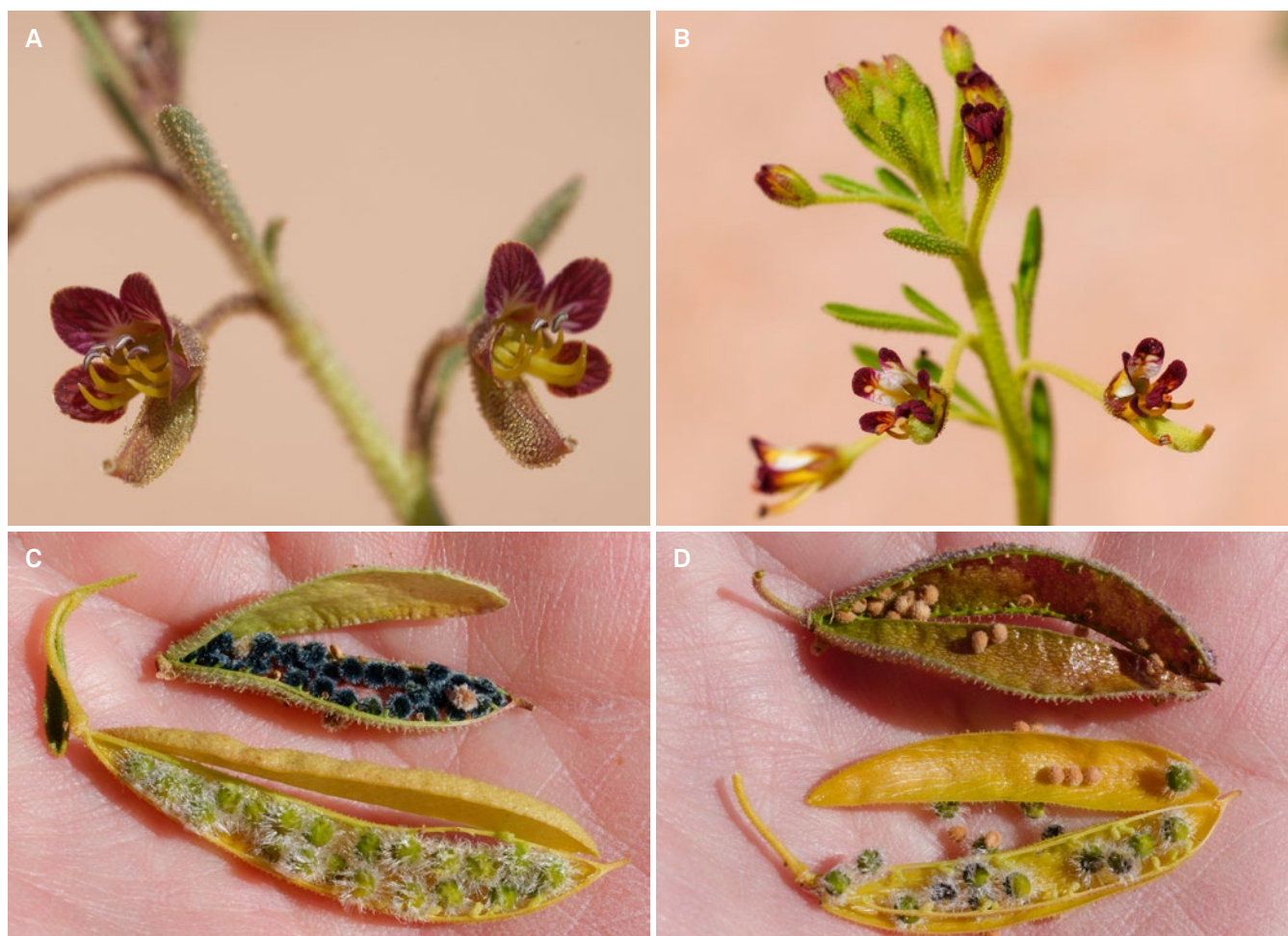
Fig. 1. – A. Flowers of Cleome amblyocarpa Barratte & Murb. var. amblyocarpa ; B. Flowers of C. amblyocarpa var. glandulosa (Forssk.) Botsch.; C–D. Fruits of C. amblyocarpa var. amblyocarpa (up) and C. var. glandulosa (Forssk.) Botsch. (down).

━━━━

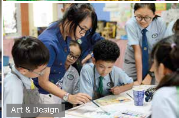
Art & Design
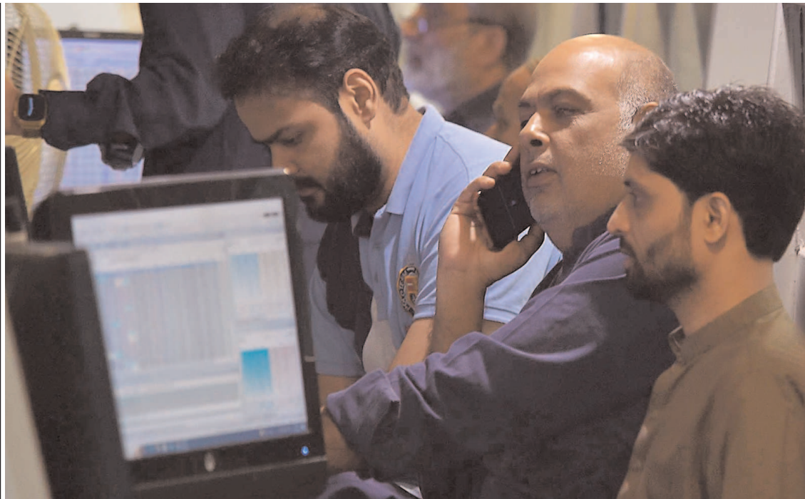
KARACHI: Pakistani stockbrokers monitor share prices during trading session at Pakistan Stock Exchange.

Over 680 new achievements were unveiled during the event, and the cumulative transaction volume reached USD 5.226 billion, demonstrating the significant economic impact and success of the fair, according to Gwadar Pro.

━━━━

• Task objective:
Exactly as written above, retype the lines starting at the one holding "Art & Design" and ending at the one holding "Over 680 new", both included, but not the pictures.

• Task result:
Art & Design
KARACHI: Pakistani stockbrokers monitor share prices during trading session at Pakistan Stock Exchange.

Over 680 new achievements were unveiled during the event, and the cumulative transaction volume reached USD 5.226 billion, demonstrating the significant economic impact and success of the fair, according to Gwadar Pro.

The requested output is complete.